Insurers have already submitted rate requests for 2017, but Wadleigh worries about the impact on 2018 rates, assuming the exchange can't convince other insurers to join its two dominant market-share holders, ConnectiCare and Anthem.

Wadleigh said it's been an uphill battle wooing new competitors to the market. UnitedHealthcare, which had a small number of Access Health customers, announced in April that it would exit most state exchanges in 2017. HealthyCT had 11,304 exchange customers, who will need to find new plans.

Wadleigh said he is confident about Anthem and ConnectiCare's commitment to the exchange. He called the two insurers financially strong and viable, and their combined exchange market share is about 90 percent of the 102,000 enrolled customers.

That's down from around 116,000 customers at the end of open enrollment earlier this year. The drop-off is the result of some policyholders not paying their premiums or providing needed paperwork, among other factors.
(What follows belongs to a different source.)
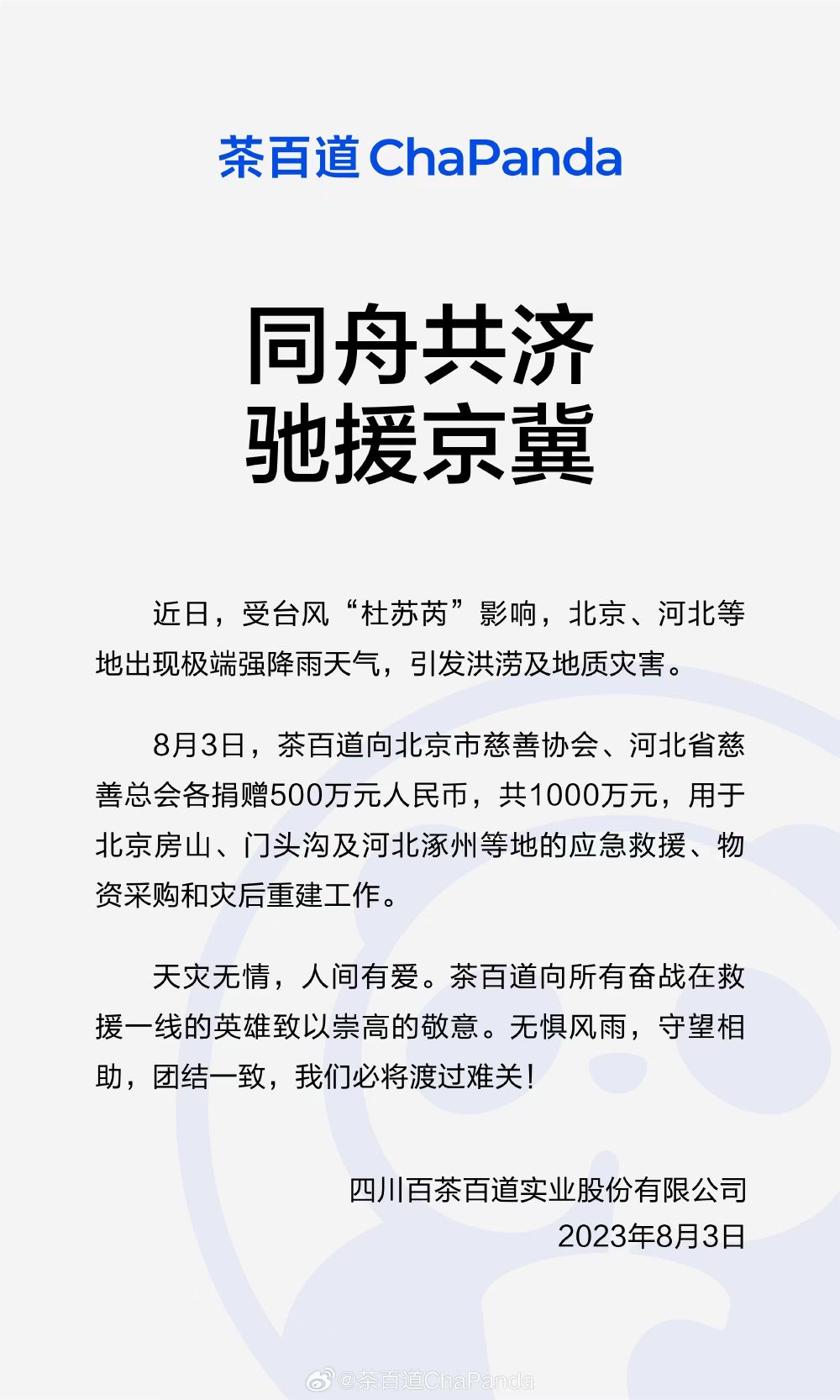 | 茶百道捐赠1000万元 支援北京河北抗汛救灾工作 |

Shared fiscal challenges for co-ops

Under the Affordable Care Act, health insurance co-ops like HealthyCT were intended to provide nonprofit competition to large for-profit insurers to keep premiums down.
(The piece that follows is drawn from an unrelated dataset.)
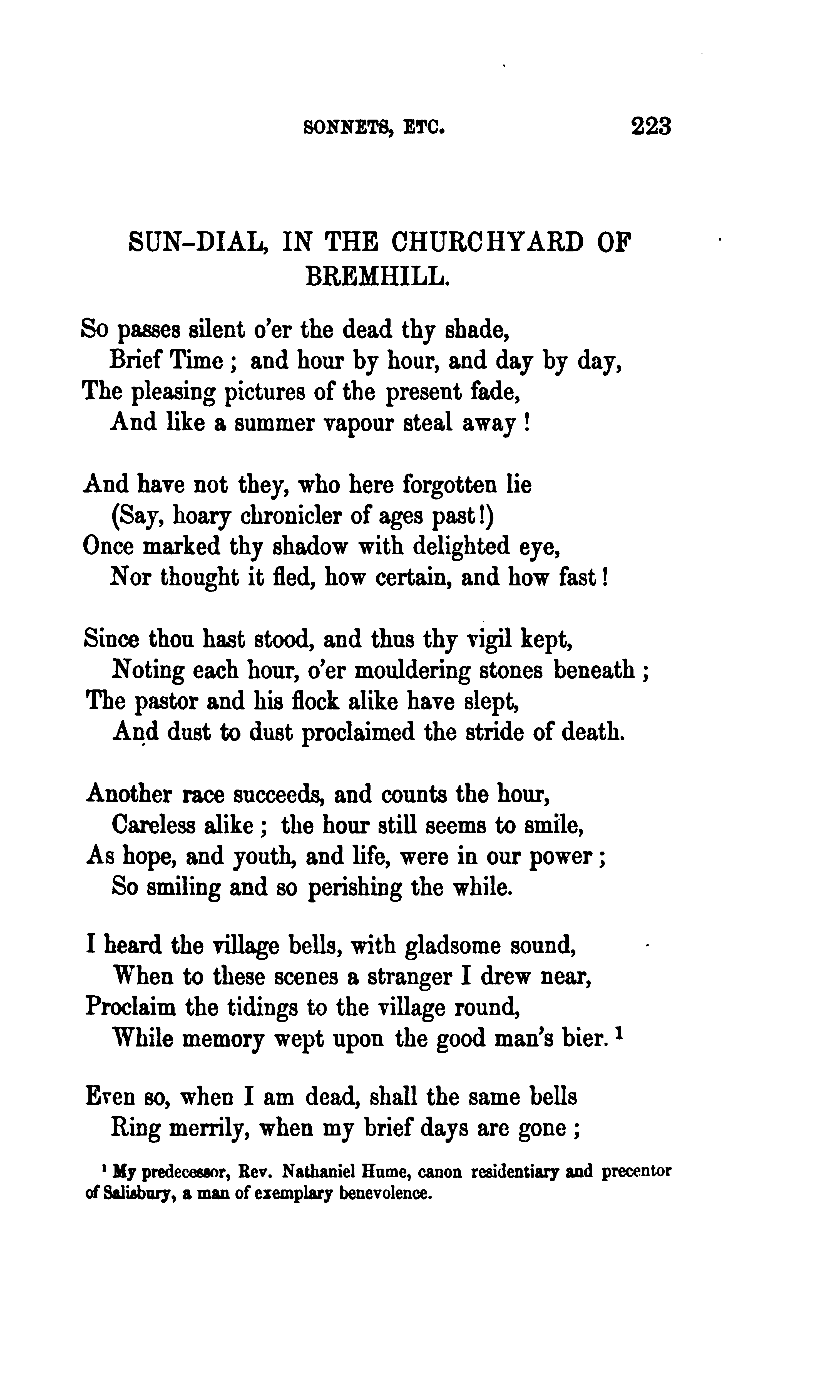 Bowles, William Lisle, 1762-1850. The Poetical Works of William Lisle Bowles, Vol. I. With Memoir, Critical Dissertation, and Explanatory Notes by George Gilfillan. Edinburgh: James Nichol, 9 North Bank Street..., 1855, pp. 223-224. (Page images digitized from a copy held at the University of California Libraries.)

But many co-ops have struggled. Of the 23 that launched in 2013, less than half continue to write new business today.

Those hardships have been fueled by several factors, including Congressional funding cuts and the premium-stabilization program created by the Centers for Medicare and Medicaid Services, which is meant to smooth claims volatility – particularly for startup insurers – by making sure health plans don't take on too many healthy or unhealthy patients.

As part of that program, CMS recently ordered HealthyCT to pay a $13.4 million risk-adjustment payment — essentially a penalty for having a customer base deemed too healthy.

While state regulators said they had already planned to place HealthyCT under increased scrutiny starting this summer, the risk-adjustment fee created a large enough fiscal problem that the CID issued the supervisory order.

Ordering HealthyCT to cease writing new business and runoff existing business will maximize availability of funds to satisfy policyholders and creditors, CID said.

Risk-adjustment payments have been contentious, and both Insurance Commissioner Katharine Wade and Wadleigh have said they are concerned they could have damaging impacts on the market.

Several co-ops, including in Illinois and Maryland, have sued the federal government, either seeking to recoup premium-stabilization payments they feel they are owed or challenging fees like the one levied on HealthyCT.

What’s next for HealthyCT?

Since its 2013 inception, HealthyCT had grown quickly.

Its 2016 first-quarter revenue was $56.2 million, up from $33.7 million a year earlier, financial reports show. But expenses for medical benefits and prescription drugs also rose sharply over the year.

While things don't look good for HealthyCT, it's possible it could one day start writing new business again. The company could avoid court-supervised rehabilitation, which is similar in some ways to a federal bankruptcy proceeding, but conducted in state court, according to William Goddard, a partner at Hartford law firm Day Pitney, who specializes in insurance.

“The stars would have to align,” Goddard said. “The feds could pay, [HealthyCT] could raise new capital, or their [2016] underwriting could turn out to be way better than people thought.”

Goddard's colleague, healthcare attorney Susan Huntington, said operating under a supervisory order may also buy HealthyCT some time to challenge the risk-adjustment payment.

“By being put under supervision, it gives HealthyCT time to actually dig into whether the payment amount requested by the federal government is correct,” Huntington said.